Mets camp will begin with noticeable Terry Collins time change


PORT ST. LUCIE — After a turbulent winter, spring has finally sprung for the Mets.

The official report date to spring training for Mets pitchers and catchers is Monday, but most players fitting that description have been trickling into First Data Field over the last several days to get an early jump, so it won’t be necessary for the ball to drop over Times Square to ring in the new year.

But Camp Callaway is now in session.

Mickey Callaway, hired in October as the 21st manager in franchise history, has spent the last 2 ¹/₂ months becoming acquainted with his players through phone conversations and text messages. Now he and pitching coach Dave Eiland will take those relationships to a new level.

The first workout for pitchers and catchers is Wednesday. Position players will report to camp by Saturday, with the initial full-squad workout slated for Feb. 19.

“I am very excited to get started with these guys,” Zack Wheeler said Sunday. “They seem very personable and helpful. I’m very excited, though, because I’m feeling healthy and strong.”

Wheeler is among several Mets pitchers who missed significant time last season. Noah Syndergaard, Steven Matz, Matt Harvey, Seth Lugo and Jeurys Familia were also on the disabled list extensively in a season the Mets finished 70-92 after two straight years in the playoffs.

Harvey, Noah Syndergaard, Steven Matz and Jacob deGromAnthony J. Causi

The fallout included Terry Collins’ resignation after seven seasons as manager. Collins, whose contract was set to expire, was reassigned within the organization and he will serve as a special assistant to general manager Sandy Alderson, helping with the minor leagues.

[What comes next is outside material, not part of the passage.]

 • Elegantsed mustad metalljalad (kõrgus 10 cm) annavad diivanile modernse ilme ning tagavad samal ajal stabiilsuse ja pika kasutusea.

The 42-year-old Callaway spent the last five seasons as Indians pitching coach under Terry Francona. He became the first Mets manager with a pitching background since Dallas Green was hired in 1993.

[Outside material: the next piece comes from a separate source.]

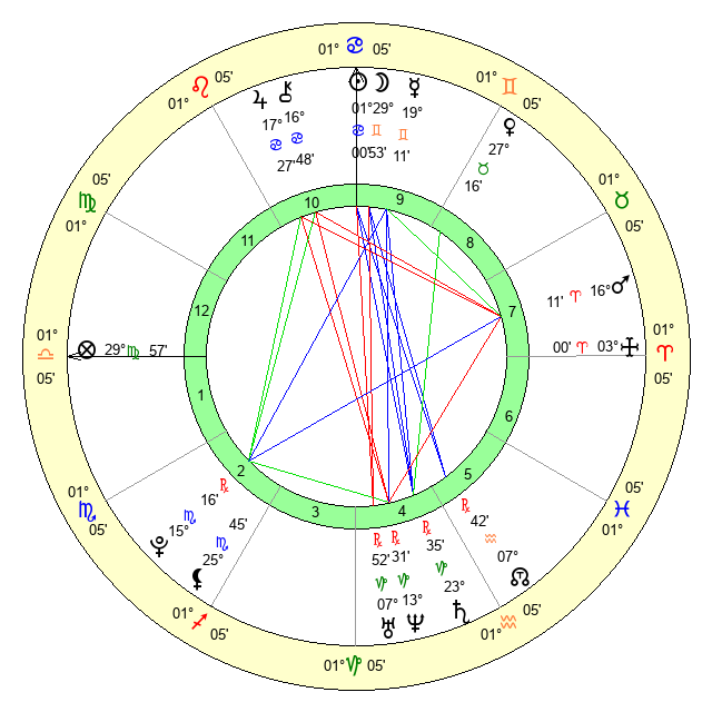 | Sun | 1 Cancer 0 | 1 Cancer 31 | 4 Leo 24 |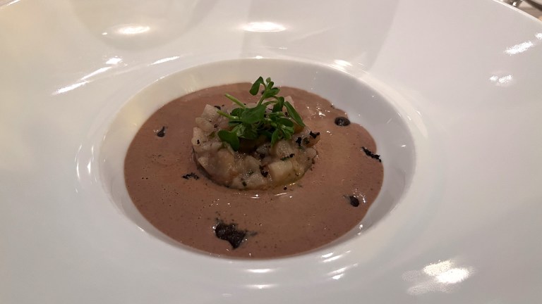 Chestnut Velouté of grilled chestnut, Steamed celery with herbs and black truffle

The first noticeable difference this spring will be Callaway’s schedule, which appears more favorable to the players than his predecessor’s. Under Collins, players were generally on the field by 9 a.m., and worked out past noon.

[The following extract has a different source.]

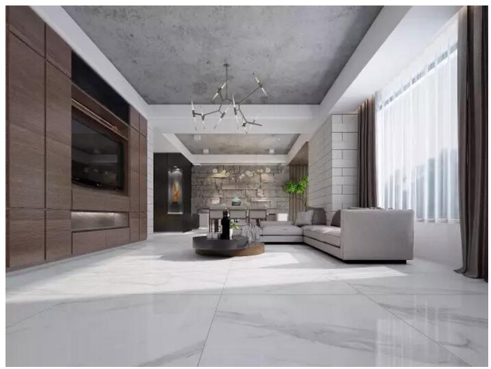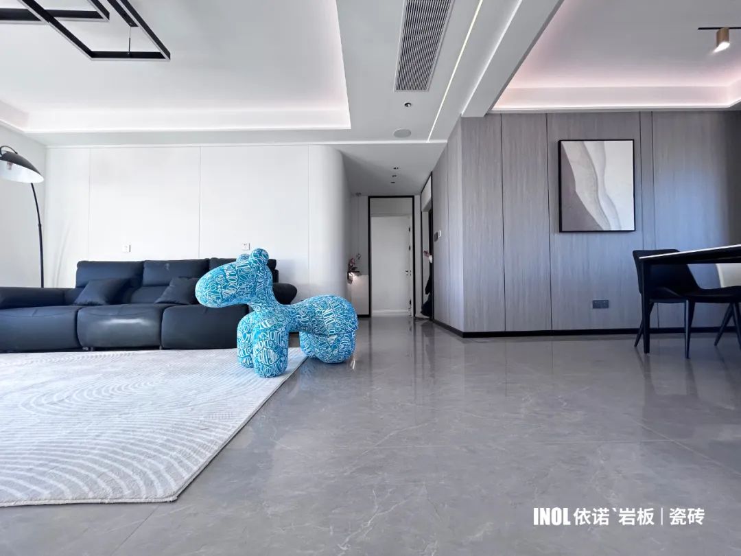重慶160㎡業主家裝案例實拍——全屋通用依諾柔光大理石瓷磚【安塔利亞灰】通鋪公共區域的地面,給空間帶來恰到好處的沉靜感,簡約靈動的線條肌理,烘托溫馨高級的家居氛圍。

Callaway plans to have players on the field at 10 a.m., and finished by 11:15.

“I want to get on and off the field,” Callaway said. “You can’t have standing around. That leads to injuries.”

Maybe the biggest theme this spring will be injuries — or more specifically preventing them. The hurt parade last year started in camp, with Matz and Lugo hitting the disabled list before Opening Day.

Matz underwent surgery in September to relocate the ulnar nerve in his left elbow, a procedure similar to one Jacob deGrom received the previous year. Harvey, who underwent surgery for thoracic outlet syndrome in 2016, dealt with a stress injury to his scapula and Lugo continues to pitch with a partially torn ulnar collateral ligament. Wheeler, who missed 2015 and 2016 recovering from Tommy John surgery, had a stress injury in his arm that ended his season in August. But the biggest setback to the Mets rotation was losing Syndergaard for most of the season with a torn lat muscle.

Eiland, a former pitching coach with the Yankees and Royals who has a World Series ring from each stop, implemented a throwing program over the winter designed to ensure his pitchers would arrive at camp in shape, but not overextended.

“They are hungry,” Eiland recently told The Post. “The ones I have talked to, I get the sense they are a little upset. I know they are upset with the way things went last year and they are hungry and they want redemption.

“They are out to prove a lot of people wrong and quiet some of the critics out there, but more than that it’s for themselves and the team and the organization.”